Member of the Georgia State Senate from the 41st district
- Incumbent
- Assumed office January 11, 2021
- Preceded by: Steve Henson

Personal details
- Born: Kimberly Sue Jackson August 25, 1984 (age 42) West Virginia, U.S.
- Party: Democratic
- Education: Furman University; Candler School of Theology (M.Div.);
- Website: Campaign website

= Kim Jackson (politician) =

American politician

Kimberly Sue Jackson (born August 25, 1984) is an American politician and Episcopal priest from the state of Georgia. A member of the Democratic Party, Jackson has represented the 41st district in the Georgia State Senate since January 2021. As a lesbian, she is Georgia's first openly LGBT+ state senator.

She was the first out priest of color to be ordained in the Episcopal Diocese of Atlanta. She serves as a vicar at the Church of the Common Ground, giving services for the homeless.
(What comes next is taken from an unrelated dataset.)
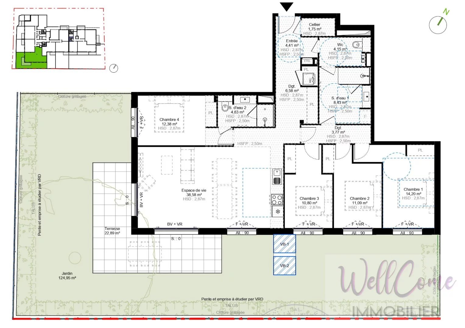 578 000 €Appartement neuf T5 de 120,76 m² en rez-de-jardin coté SUD + 2 Box Challes-les-Eaux À Challes-les-Eaux, sur lAvenue de Chambéry à seulement 400 m du centre-ville dans la nouvelle résidence « Belle Horizon », découvrez cet appartement neuf 3 pièces de 66,82 m² situé au 1er étage sur 3 et bénéficiant dune belle exposition Sud. La résidence se compose de deux bâtiments à taille humaine (2 étages + attique), à larchitecture élégante et contemporaine, conçus pour sintégrer harmonieusement dans leur environnement naturel. Offre commerciale du 15/02/26 au 31/03/26 : Frais de notaire OFFERTS et 2.000 de REMISE par pièce sur un grand nombre de logements. Lappartement T5 comprend : -Entrée / 2 Dégagements : 14,76m² -Séjour/Cuisine : 38,58m² côté Sud-Ouest avec accès terrasse et jardin de 147,84m² -1 Chambre avec salle d'eau et WC : 17,01m² -3 Chambres : 10,80m², 11,09m², 14,20m² -Salle d'eau 8,43m² et WC indépendant : 4,15m² -Cellier interieur : 1,75m² Vendu avec 2 garages au sous-sol. Présence de locaux vélos dans la résidence. Dautres appartements (du T2 au T5) sont disponibles dans la résidence Pour plus dinformations et pour réserver votre futur appartement, contactez votre agence WellCome Immobilier ! Frais de notaires réduits Livraison : 4ème Trimestre 2027 Programme conforme RE 2020, seuil 2022 Éligible : Accession Libre, Jeanbrun, Zone B1, LMNP Prix TTC et Honoraires à charge vendeur TTC Bien soumis au statut juridique de la Copropriété. Nb de lots : 36. Pas de procédure en cours. Surface CARREZ : 120.76 m²

She has also been a college chaplain, a consultant, a parish priest, and an activist.

==Early life and education==
She studied at Furman University, graduating in 2006, and later graduated from Candler School of Theology at Emory University with a Master of Divinity (M.Div.). She moved to Atlanta at the age of 22.

==Personal life==
Jackson is a lesbian. She lives on a farm in Stone Mountain with her wife, Trina, an imam.